Kamu bahkan membuatku bersumpah
untuk merahasiakannya.”
—Aku akan
membelikanmu minuman, tapi tolong jangan beri tahu siapa pun.
Aku masih mengingat ketika dia
mengatakan itu padaku, berusaha mati-matian
untuk merahasiakannya. Sejujurnya, aku hampir melupakan
semua itu sampai percakapan ini mengingatkanku.
Tapi yang
lebih menonjol adalah Minase belajar dengan cepat. Minggu berikutnya, dia
membaik. Seiring berjalannya minggu, kesalahannya berkurang, dan akhirnya,
kurasa bahkan guru tata boga
pun memujinya.

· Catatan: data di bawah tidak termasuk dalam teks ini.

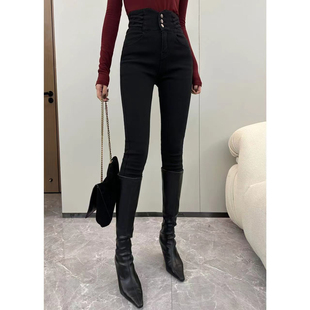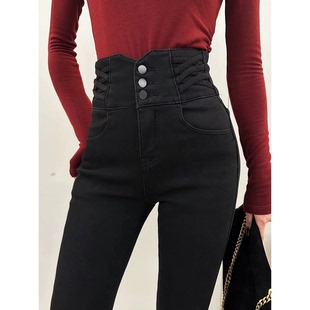 加绒小脚牛仔裤 纪金其黑色百搭时尚 九分高腰小脚裤 限时福利款

Minase yang klasik—tidak suka yang
namanya kekalahan.
“...Ugh,
parah banget. Rasanya seperti kamu baru saja menggali salah
satu trauma SMA-ku.”
Dia
meneguk air sodanya dengan ekspresi getir.
“Hei,
kita impas. Tapi tetap saja, kamu
sudah melewati semua itu. Waktu itu kamu pernah
bilang takkan pernah bisa memasak.”
“Aku
heran kamu masih mengingatnya.”
“Karena aku tak menyangka bahwa dari semua orang, kamu justru mengakui kelemahanmu.”
Itu
meninggalkan kesan yang cukup kuat sehingga lumayan
membekas dalam ingatanku.
“Ya… aku
masih belum pandai mengakuinya.”
Minase
tersenyum sedikit malu, seolah ketahuan membocorkan sesuatu.
“Tapi aku
harus membesarkan Airi sendirian. Aku tak punya kemewahan untuk mengatakan aku
tak bisa melakukan sesuatu. Dan tanpa kusadari, kurasa aku mulai terbiasa.”
“Begitu…
Tunggu—sendirian?”
Kata-kata
itu mengalir begitu saja sebelum
aku sempat menghentikannya.
Mendengar
itu, Minase sedikit meringis, seolah menyesali apa yang telah dikatakannya. Tapi setelah jeda singkat, dia
menenangkan diri dan menjawab,
“Ya.
Sendirian.”
Dia
mengangguk pelan.
“Begitu ya.”
Aku tidak
bertanya lebih jauh. Memang benar kalau aku
penasaran. Tapi setiap orang punya satu atau dua hal yang tidak ingin mereka
tanyakan. Aku takkan menyelidiki kecuali dia sendiri yang mengatakannya.
Namun,
Minase mengerjap beberapa kali, sedikit terkejut.
Akhirnya,
dia bergumam,
“…Kamu tidak bertanya?”
“Kamu mau aku menanyakannya?”
“Tidak…
Aku tidak ingin orang yang tidak kukenal menanyakan hal seperti itu.”
Suaranya
tegas. Kurasa
aku belum pernah melihat Minase menolak sesuatu secara langsung, bahkan saat
SMA. Pada waktu itu, dia ramah kepada semua
orang—dia berusaha keras untuk menghindari musuh.
Jadi, ini
mungkin pertama kalinya dia benar-benar menunjukkan dinding kepadaku.
Tapi—
“…Kurasa
tidak masalah jika aku memberitahumu, Horikoshi-kun.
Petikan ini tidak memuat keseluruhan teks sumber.